■ SUPPLIED ENTRIES ■

*** Begin section ***

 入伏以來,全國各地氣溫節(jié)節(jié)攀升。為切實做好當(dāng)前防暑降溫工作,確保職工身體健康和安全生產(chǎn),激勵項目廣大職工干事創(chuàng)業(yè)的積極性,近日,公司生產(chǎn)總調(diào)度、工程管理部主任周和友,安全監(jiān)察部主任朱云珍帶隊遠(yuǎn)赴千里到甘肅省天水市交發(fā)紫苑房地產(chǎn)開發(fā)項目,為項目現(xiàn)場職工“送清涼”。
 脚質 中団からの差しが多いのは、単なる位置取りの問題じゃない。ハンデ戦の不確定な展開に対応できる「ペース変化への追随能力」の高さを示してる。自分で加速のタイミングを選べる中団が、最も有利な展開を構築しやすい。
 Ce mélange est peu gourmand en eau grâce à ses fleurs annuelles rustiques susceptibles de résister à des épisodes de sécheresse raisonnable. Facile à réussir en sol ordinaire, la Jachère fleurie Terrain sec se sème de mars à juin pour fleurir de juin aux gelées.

*** End section ***
*** Begin section ***

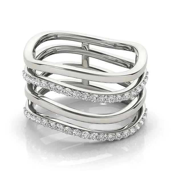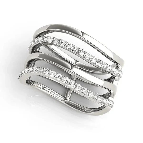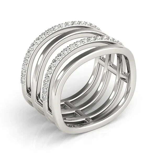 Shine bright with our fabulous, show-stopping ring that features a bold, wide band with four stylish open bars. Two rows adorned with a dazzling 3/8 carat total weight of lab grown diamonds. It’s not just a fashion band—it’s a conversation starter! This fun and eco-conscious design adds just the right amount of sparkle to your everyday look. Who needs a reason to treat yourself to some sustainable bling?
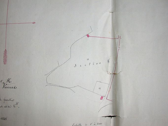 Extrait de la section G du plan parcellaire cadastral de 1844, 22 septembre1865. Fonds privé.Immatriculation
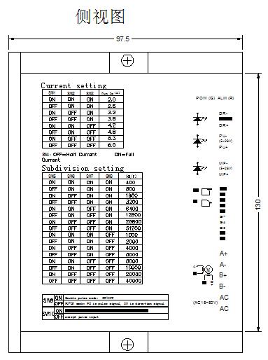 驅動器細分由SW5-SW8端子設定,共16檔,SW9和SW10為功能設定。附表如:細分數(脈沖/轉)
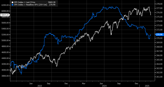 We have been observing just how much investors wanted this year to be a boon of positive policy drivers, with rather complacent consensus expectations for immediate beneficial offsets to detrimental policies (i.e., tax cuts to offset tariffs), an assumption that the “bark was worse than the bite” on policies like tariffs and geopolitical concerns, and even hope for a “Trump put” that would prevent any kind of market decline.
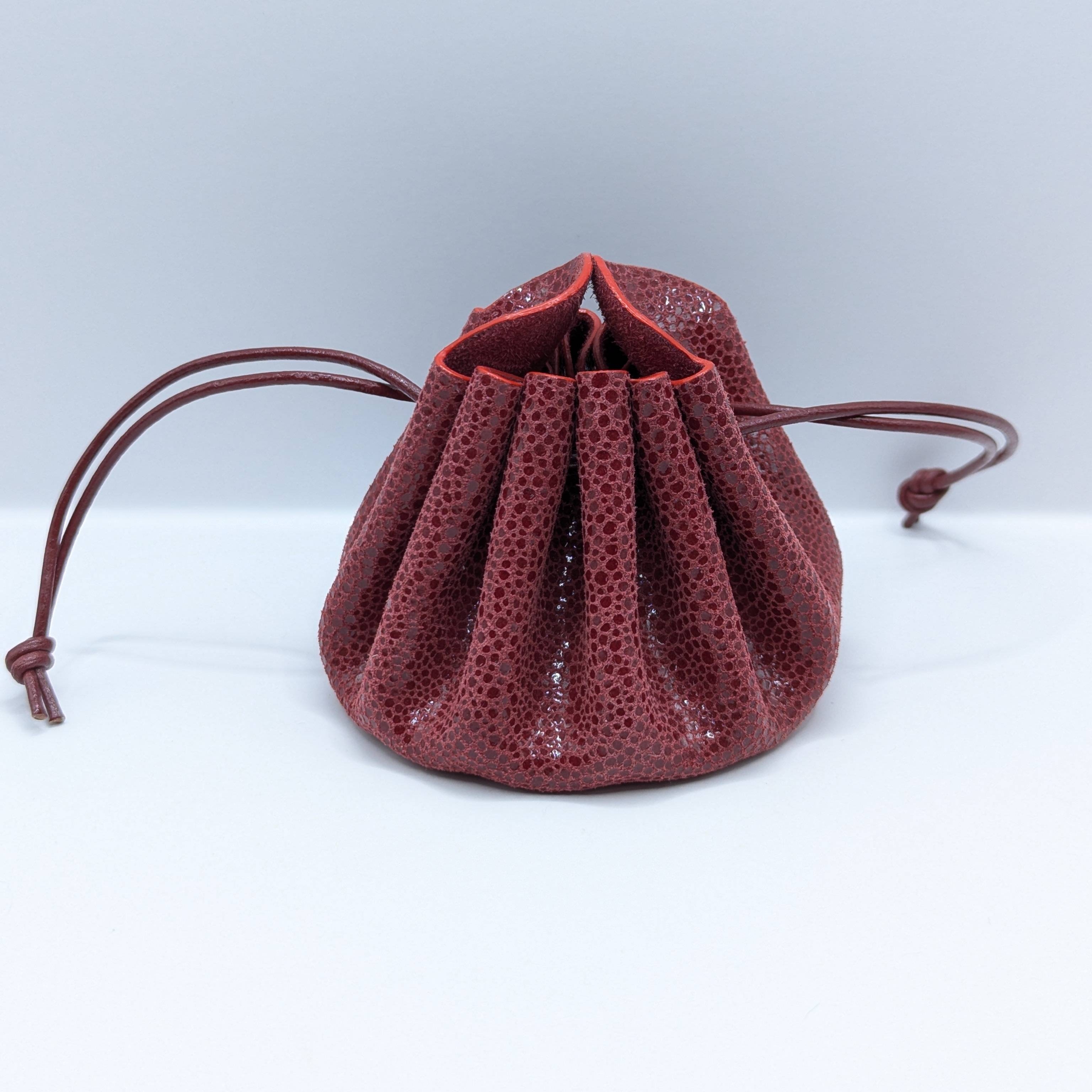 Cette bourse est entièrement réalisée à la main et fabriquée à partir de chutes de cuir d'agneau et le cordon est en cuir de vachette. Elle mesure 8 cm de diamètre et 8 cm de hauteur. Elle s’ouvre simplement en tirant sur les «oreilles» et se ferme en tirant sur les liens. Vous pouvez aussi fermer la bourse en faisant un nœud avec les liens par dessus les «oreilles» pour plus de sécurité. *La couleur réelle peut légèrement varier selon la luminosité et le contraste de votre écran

*** End section ***

■ YOUR INSTRUCTIONS ■
Look in the material above for the line with "入伏以來,全國各地氣溫節(j" and the line with "脚質 中団からの差しが多いの", and transcribe exactly those lines and all lines between them, nothing more.

■ WORKED SOLUTION ■
 入伏以來,全國各地氣溫節(jié)節(jié)攀升。為切實做好當(dāng)前防暑降溫工作,確保職工身體健康和安全生產(chǎn),激勵項目廣大職工干事創(chuàng)業(yè)的積極性,近日,公司生產(chǎn)總調(diào)度、工程管理部主任周和友,安全監(jiān)察部主任朱云珍帶隊遠(yuǎn)赴千里到甘肅省天水市交發(fā)紫苑房地產(chǎn)開發(fā)項目,為項目現(xiàn)場職工“送清涼”。
 脚質 中団からの差しが多いのは、単なる位置取りの問題じゃない。ハンデ戦の不確定な展開に対応できる「ペース変化への追随能力」の高さを示してる。自分で加速のタイミングを選べる中団が、最も有利な展開を構築しやすい。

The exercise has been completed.